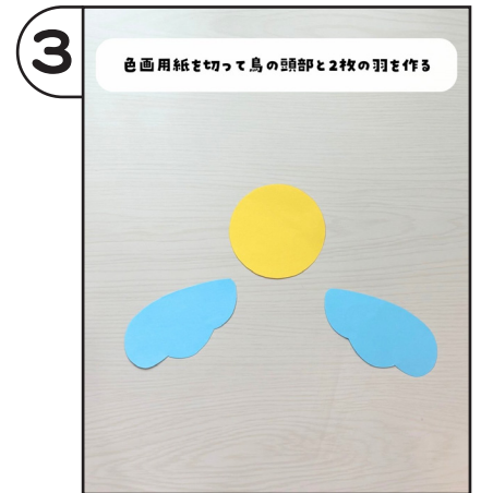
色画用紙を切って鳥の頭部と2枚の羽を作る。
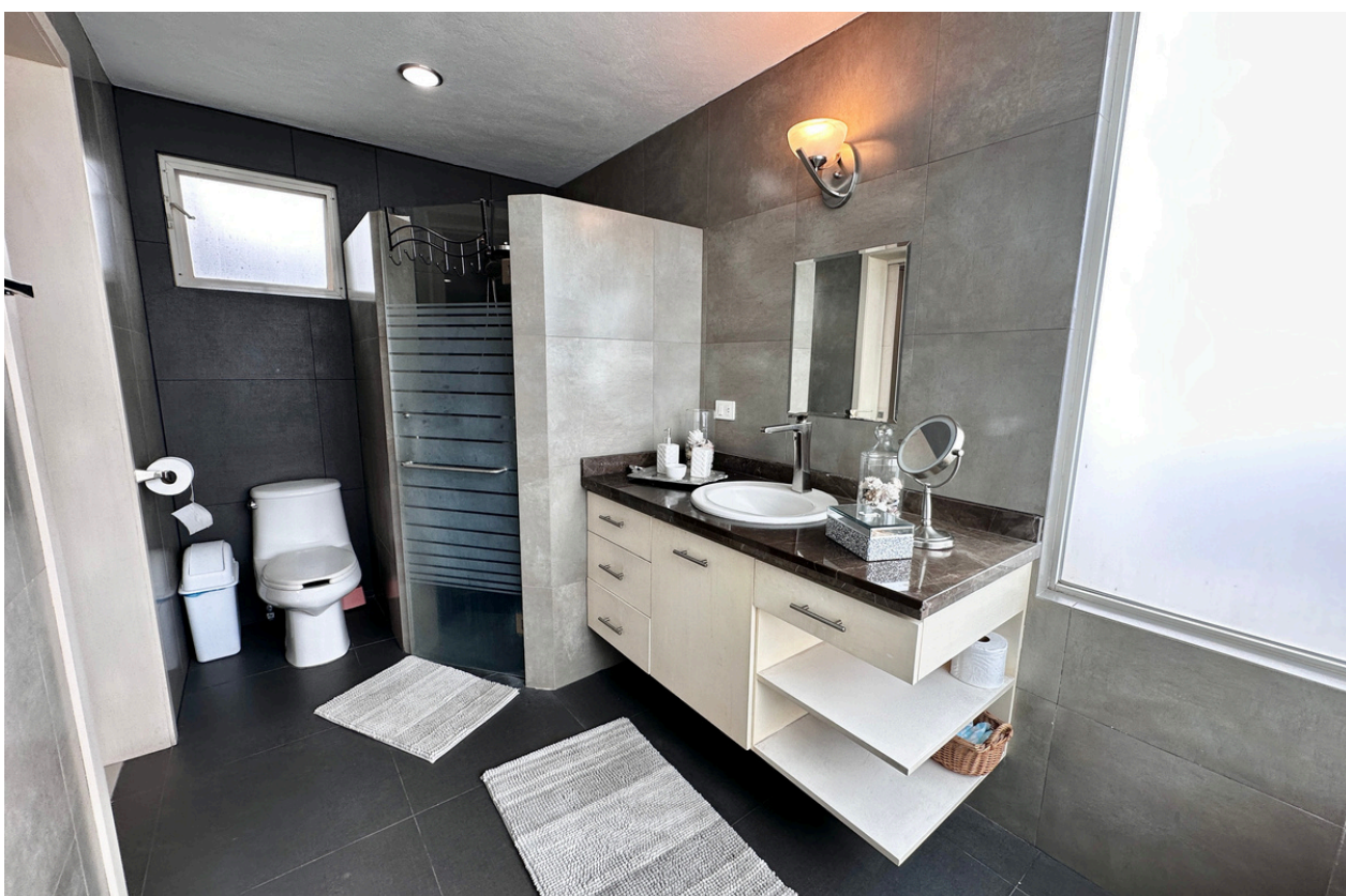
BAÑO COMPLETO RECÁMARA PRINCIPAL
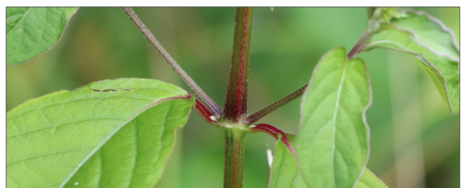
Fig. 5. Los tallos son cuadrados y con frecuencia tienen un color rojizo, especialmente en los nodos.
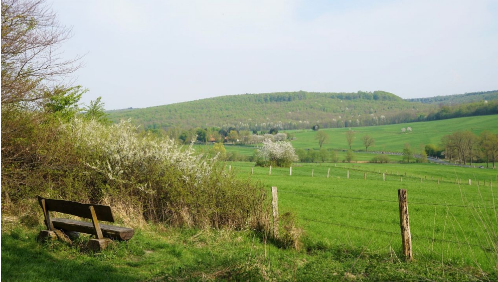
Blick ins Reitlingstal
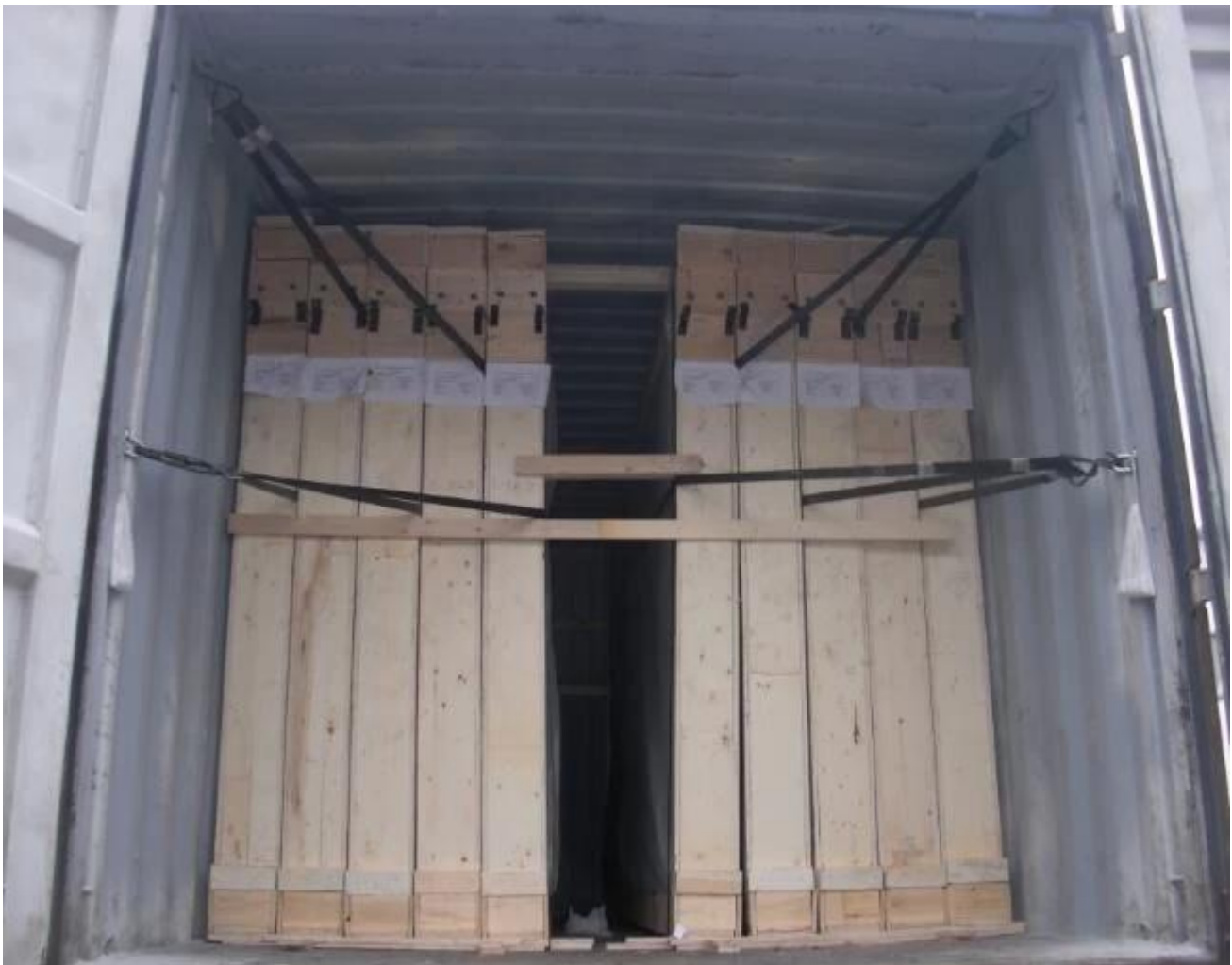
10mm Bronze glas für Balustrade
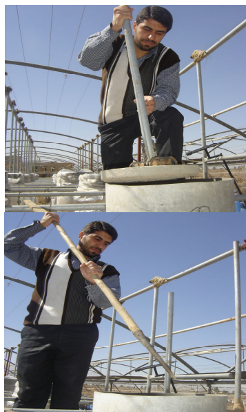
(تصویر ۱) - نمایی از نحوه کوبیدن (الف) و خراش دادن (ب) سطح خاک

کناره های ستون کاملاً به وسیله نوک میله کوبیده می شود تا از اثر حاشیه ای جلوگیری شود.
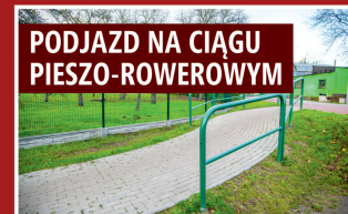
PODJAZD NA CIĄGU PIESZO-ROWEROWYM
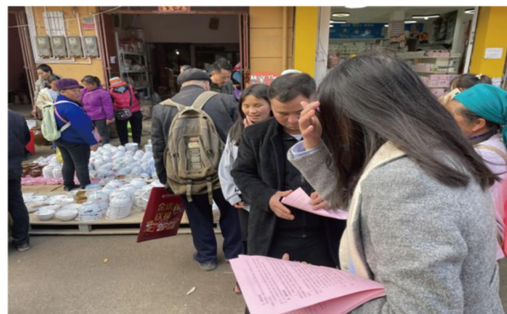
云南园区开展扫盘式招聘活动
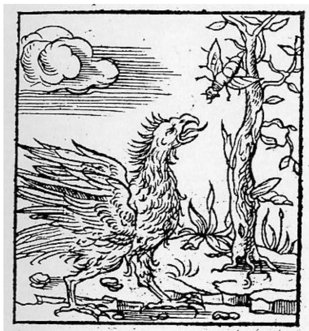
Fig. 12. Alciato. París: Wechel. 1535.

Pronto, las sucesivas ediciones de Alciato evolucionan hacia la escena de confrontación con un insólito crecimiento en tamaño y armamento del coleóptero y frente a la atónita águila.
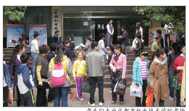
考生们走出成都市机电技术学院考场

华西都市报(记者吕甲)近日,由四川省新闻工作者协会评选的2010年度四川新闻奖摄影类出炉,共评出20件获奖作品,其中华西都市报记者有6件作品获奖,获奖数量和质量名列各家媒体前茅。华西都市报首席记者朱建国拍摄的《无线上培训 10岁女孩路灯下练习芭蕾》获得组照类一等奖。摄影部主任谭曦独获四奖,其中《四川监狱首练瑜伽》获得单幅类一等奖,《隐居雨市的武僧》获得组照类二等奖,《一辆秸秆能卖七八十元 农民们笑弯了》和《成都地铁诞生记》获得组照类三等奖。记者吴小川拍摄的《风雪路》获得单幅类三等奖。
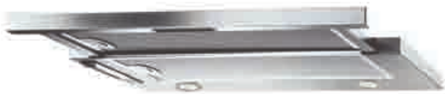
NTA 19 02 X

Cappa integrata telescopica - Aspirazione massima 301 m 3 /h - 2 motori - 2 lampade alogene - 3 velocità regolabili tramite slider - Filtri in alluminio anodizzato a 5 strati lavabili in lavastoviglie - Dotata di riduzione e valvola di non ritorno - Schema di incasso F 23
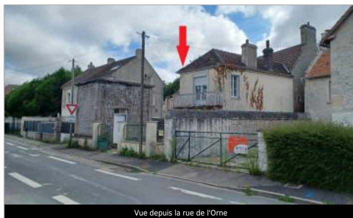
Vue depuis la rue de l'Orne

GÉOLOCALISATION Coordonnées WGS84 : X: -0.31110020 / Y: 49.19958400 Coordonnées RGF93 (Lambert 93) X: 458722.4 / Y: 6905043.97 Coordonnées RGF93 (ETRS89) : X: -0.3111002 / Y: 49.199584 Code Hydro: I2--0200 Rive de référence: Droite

● ● ● ● ● ● ●

- Required action: Pictures should not appear; only the lines from the start of the listing above to the line containing "10mm Bronze glas für Balustrade", both ends included, are to be repeated exactly.

- Written answer:
色画用紙を切って鳥の頭部と2枚の羽を作る。
BAÑO COMPLETO RECÁMARA PRINCIPAL
Fig. 5. Los tallos son cuadrados y con frecuencia tienen un color rojizo, especialmente en los nodos.
Blick ins Reitlingstal
10mm Bronze glas für Balustrade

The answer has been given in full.